Для раннего Августина ризы кожаные также являются в первую очередь символом животного существования, на которое людей обрекло грехопадение. Важнейшим проявлением животности Августин, как и св. Григорий Нисский, считал смерть: «что может яснее означать смерть, которую мы испытываем в этом теле, как не шкуры, которые мы снимаем с мертвых животных»[7]. Необходимость умирать роднит нас со скотами, подобно необходимости питаться и размножаться: «он [человек] ниспал к смертности животных»[8]. Или же, как пишет св. Максим Исповедник, «грех через преслушание осудил человеков иметь общее с бессловесными животными свойство преемства друг от друга»[9]. По его словам, Господь, непорочно рожденный от Девы, приходит, чтобы освободить людей «от уз рождения и от [прившедшего] по причине осуждения за грех закона произрастания от семени, словно трава, и от сродного с растениями и бессловесными животными становления в бытии»[10].

Аналогичную трактовку этого библейского образа можно встретить у очень многих отцов Церкви. Св. Иоанн Дамаскин отмечал, что облачение в кожи означает, что человек облекся в смертность, то есть в смертную и грубую плоть[11]. Или, как писал св. Анастасий Синаит, человек «вместо нетленного, бессмертного и близкого к невещественному тела, которым обладал [до грехопадения], был переоблачен Богом в тело нынешнее — более дебелое и страстное»[12]. Такую же мысль можно найти и у св. Григория Богослова: «чрез грех делается человек изгнанником, удаляемым в одно время и от древа жизни, и из рая, и от Бога, облекается в кожаные ризы, может быть в грубейшую, смертную и противоборствующую плоть»[13].

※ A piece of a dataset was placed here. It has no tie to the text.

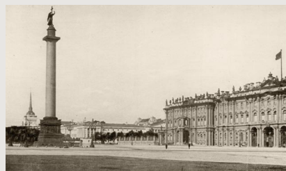
Гр. Растрелли-младший. Часть Зимнего дворца со стороны Дворцовой площади. Т. 1. После с. 36. Растрелли-младший. Часть Зимнего дворца со стороны Дворцовой площади. Т. 1. После с. 36

Во второй том вошли описания загородных ансамблей, расположенных
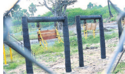
మినీ శిల్పారామంలో బిన్నార్ల ఆటస్థలం

భక్తులు రాయగిరి చెరువును వీక్షించేందుకు వైటిడి ప్రత్యేక ఏర్పాట్లు చేసింది. నాలుగు చోట్ల వాటర్ ఫౌంటెయిన్లను నిర్మించింది. చెరువులో నీళ్లు ఆకాశాన్ని తాకితా మహాద్భుతంగా తీర్చిదిద్దారు. చెరువులో బోటింగ్ చేసేందుకు ప్రత్యేకమైన బోటింగ్ ను సిద్ధం చేశారు. ఒక బోటులో ఇద్దరు కూర్చునేలా సౌకర్యవంతంగా తీర్చిదిద్దారు.

До греха человек не имел отношения к животному миру, лающему, ржущему, блеющему, — вот что на разные лады говорят нам отцы Церкви. Скорее всего, и сам животный мир до грехопадения человека, до того как «тварь покорилась суете» (Рим. 8:20), был совсем другим, но каким — мы не знаем! С этой точки зрения саму включенность человека в эволюционирующую природу на правах биологического вида, тот факт, что человек «уподобился скотам несмысленным» (Пс. 48:12) и ведет свою родословную от животных, надо расценивать как наказание за грех, совершенный им ранее за пределами исторического времени нынешнего мира.

В самом деле, библейские слова о кожаных ризах наводят на мысль о предшествующем биологическом процессе. Животное, с которого снимают шкуру, должно было сначала родиться и ее на себе нарастить. Поэтому кожаные ризы можно считать неплохим символом эволюции, в ходе которой постепенно вырабатывалась биологическая подоснова, необходимая для существования падшего человека. И если первое, бессмертное тело для жизни в раю Бог творит собственнолично, без всяких посредников, Его рука сама мнет податливый кусок глины, то весь длинный причинно-следственный ряд, результатом которого стало возникновение нашего смертного тела, следует приравнять скорее к «пошивке» кожаных риз. По Промыслу Божию Вселенная стежок за стежком шьет ту «одежду», в облачении которой изгнанник из рая должен продолжить свое существование.

 
Изгнание из Рая 

Весь эволюционный процесс, в конечной точке которого человек обнаруживает себя в роли биологического вида, можно интерпретировать как транзит от райского к падшему состоянию бытия. В Книге Бытия «переключение» между двумя этими состояниями описывается всего тремя-четырьмя строками: «и сделал Господь Бог Адаму и жене его одежды кожаные и одел их... и выслал его Господь Бог из сада Едемского, чтобы возделывать землю, из которой он взят» (Быт. 3:21–23). Но ничто не мешает думать, что события, произошедшие мгновенно с точки зрения райской действительности, могли занять миллиарды лет земного времени. Ведь приравнивают же конкордисты шесть дней творения к 13,7 миллиарда лет, прошедшим с Большого взрыва. Так почему бы не предположить, что Большой взрыв произошел уже после катастрофы грехопадения, и эволюция материи, завершившаяся появлением Homo sapiens, соответствует промежутку времени между возложением на Адама и Еву кожаных риз и тем моментом, когда они находят себя за пределами райского сада в окружении терний и волчцов?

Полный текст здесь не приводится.